2.5 Visualizing PPI Networks
Visualization concerns an important component of the analysis of PPI networks. Very simply, a PPI network is visualized as dots and lines, where the dots (or other shapes) represent proteins and the lines connecting the dots represent interactions between the proteins. Such a visualization enables quick exploration of the topological properties of PPI networks—for example, counting the neighbors of a selected protein in a PPI network, the number of connected components in the network, or even spotting dense and sparse regions of the network. However, the ease of this exploration and subsequent analysis depends on how effective is the visualization method or tool used to render the PPI network. This rendering of the PPI network concerns the field of graph or network layout, where layout algorithms are used to draw the network—by appropriately positioning the dots and lines—in a 2D space. A good layout should be able to (visually) bring out the topological properties of the PPI network easily, and this has been a subject of research in graph visualization for several years. Here we briefly introduce some of the commonly used algorithms for PPI network layout; for details the readers are referred to the excellent reviews of Morris et al. [2014], Agaptio et al. [2013], and Doncheva et al. [2012].

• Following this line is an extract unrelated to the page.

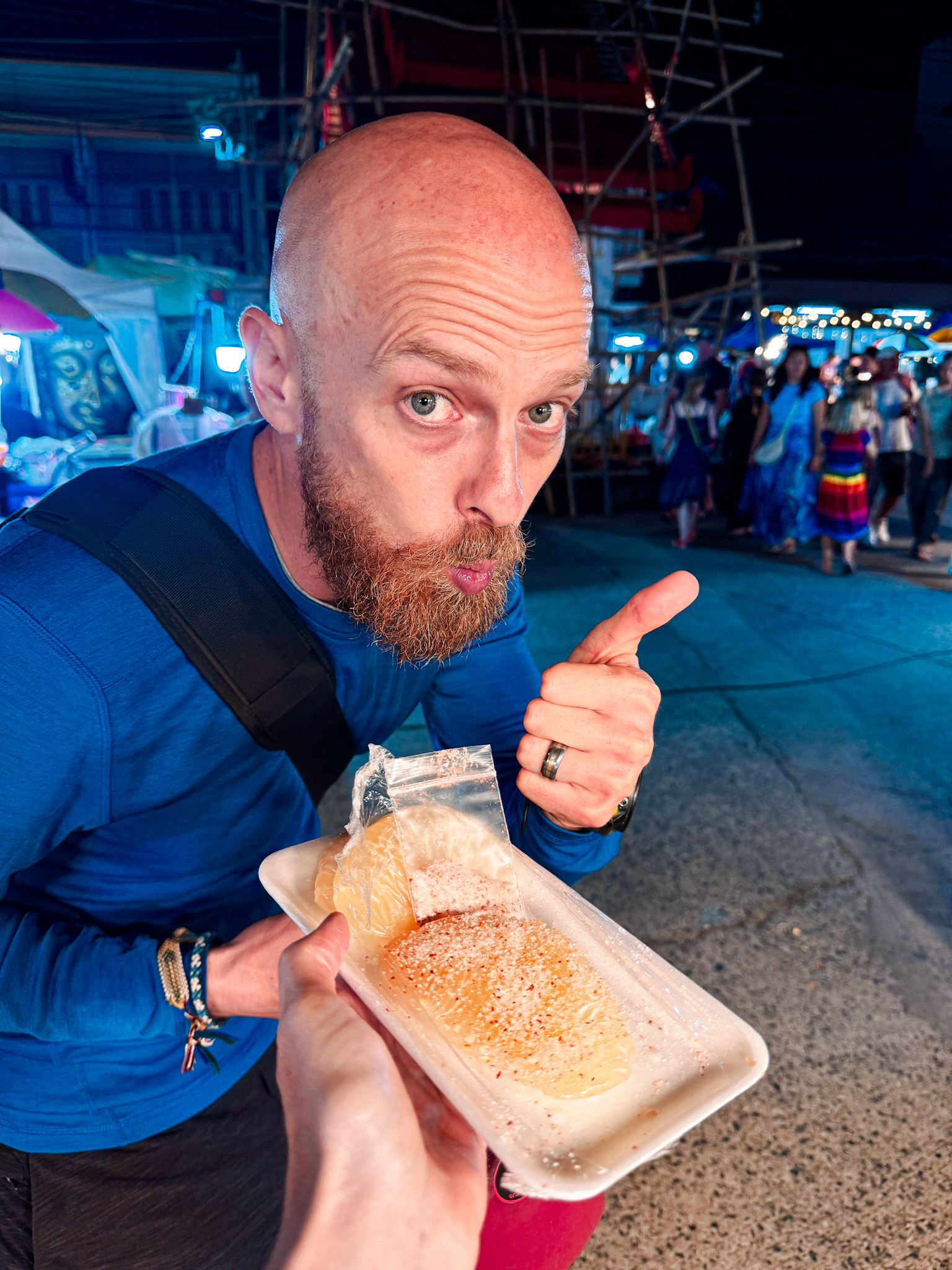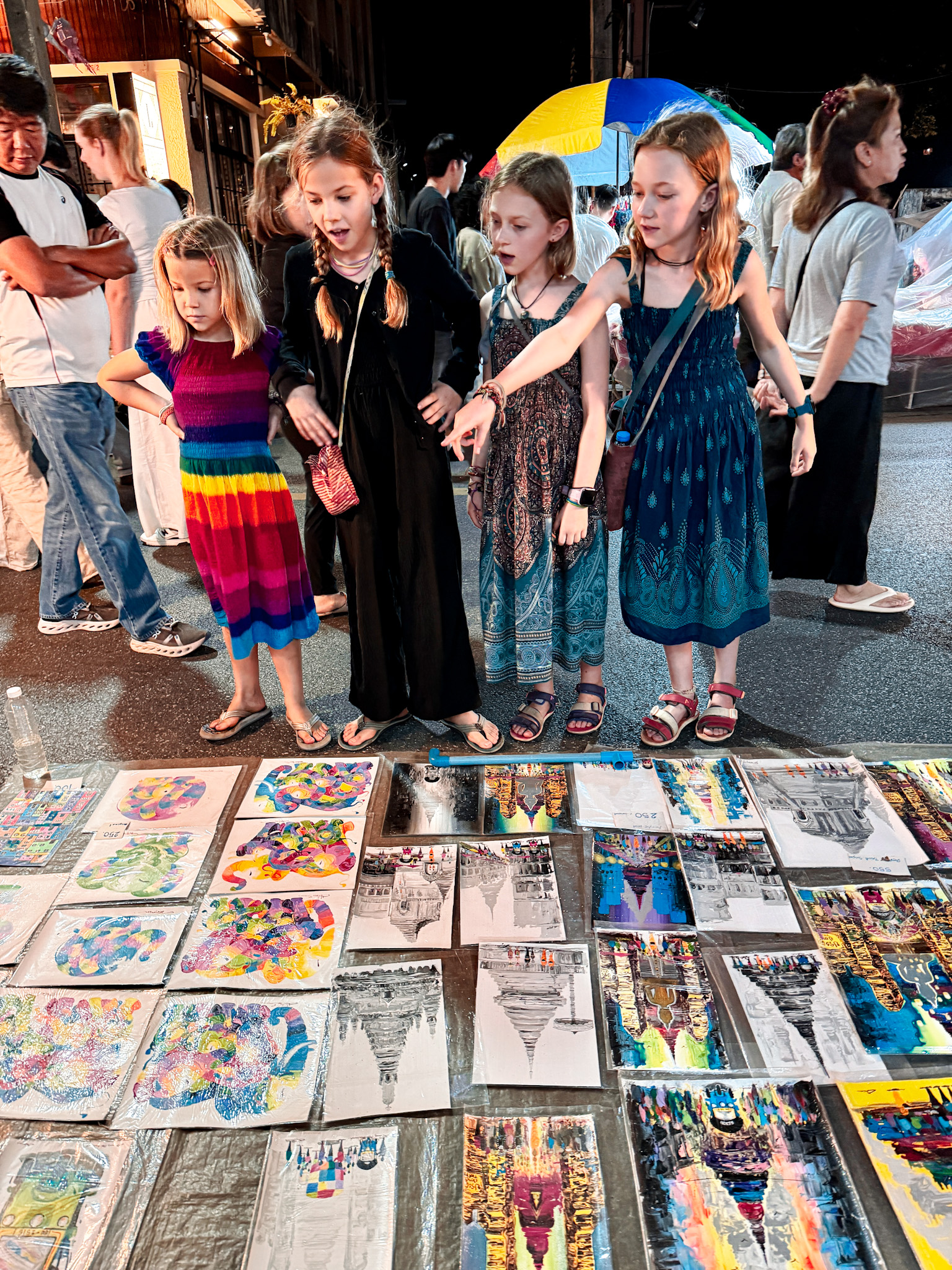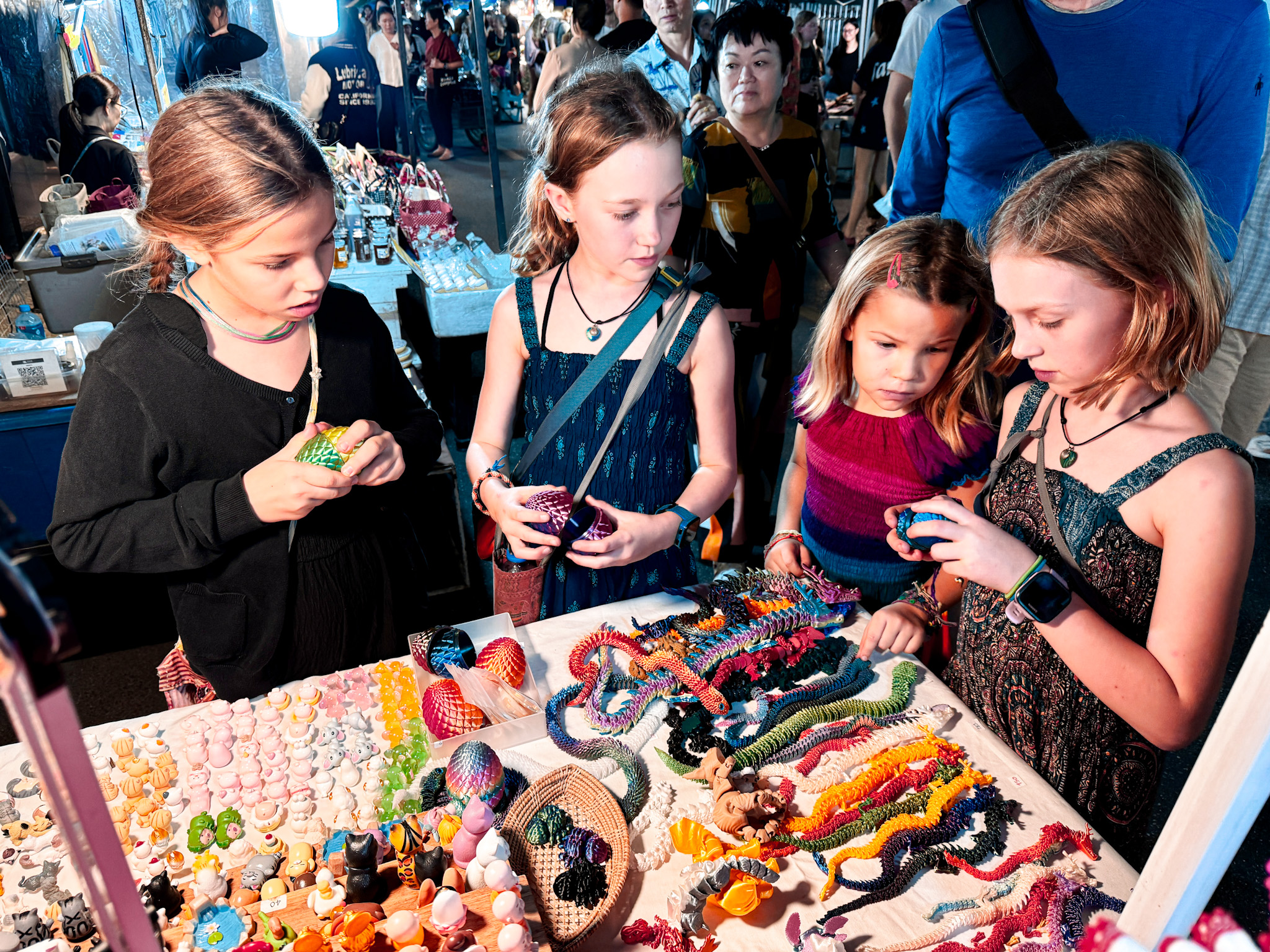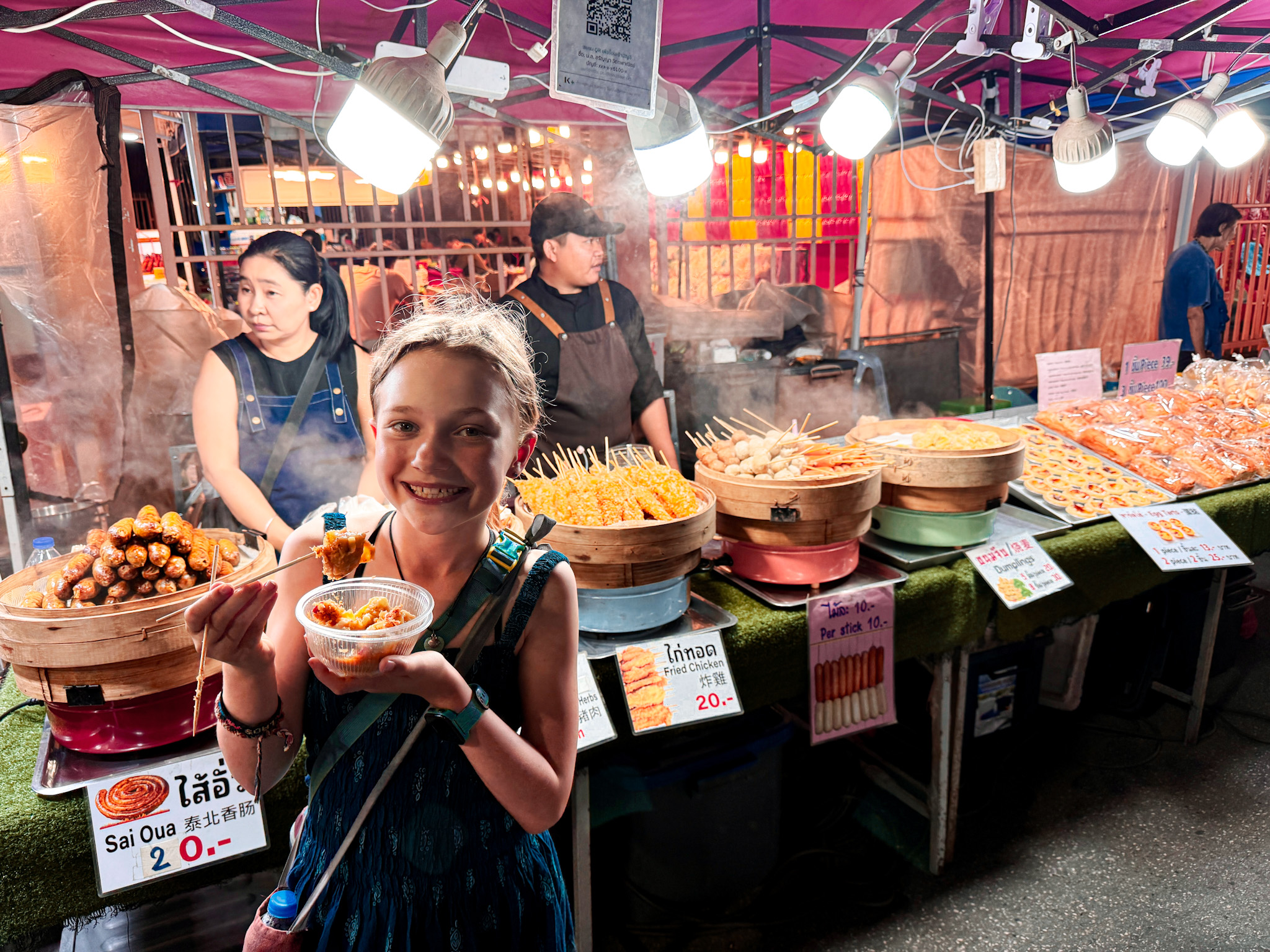When Hannah and Candace got back, we all headed to the epic Chiang Mai Saturday night market together. It skews more heavily toward food than souvenirs—closer in spirit to a hawker market than a craft market—and the crowd was thick in the pleasant way. We worked our way through chicken satay, pomelo, corn on the cob, sausage, dumplings, ice cream, and several other things we’ve already forgotten. The four girls took off enthusiastically, exploring as a herd and only occasionally reappearing when they needed money to buy food. We practiced our new-found parental patience: often not knowing where your children are in a slow-moving sea of hundreds of people.

Random layout arranges the dots (nodes) and lines (edges) in a random manner in the 2D space. The advantage of this algorithm is its simplicity, but on the other hand, it presents a high number of criss-crossing edges, and does not necessarily use the available space optimally, especially for large networks. Circular layout arranges the nodes in succession, one after the other, on a circle. While this algorithm also suffers from criss-crossing of edges, it is widely used to visualize small (sub)networks such as protein complexes and pathways. Tree layout arranges the network as a tree with a hierarchical organization of the nodes. This is obviously more suitable for visualizing trees than networks with cycles. Often, the layout is “ballooned out” by placing the children of each node in the tree on a circle surrounding the node, resulting in several concentric circles. Force-directed layout places the nodes according to a system of forces based on physical concepts in spring mechanics. Typically, the system combines attractive forces between adjacent nodes with repulsive forces between all pairs of nodes to seek an optimal layout in which the overall edge lengths are small while the nodes are well separated.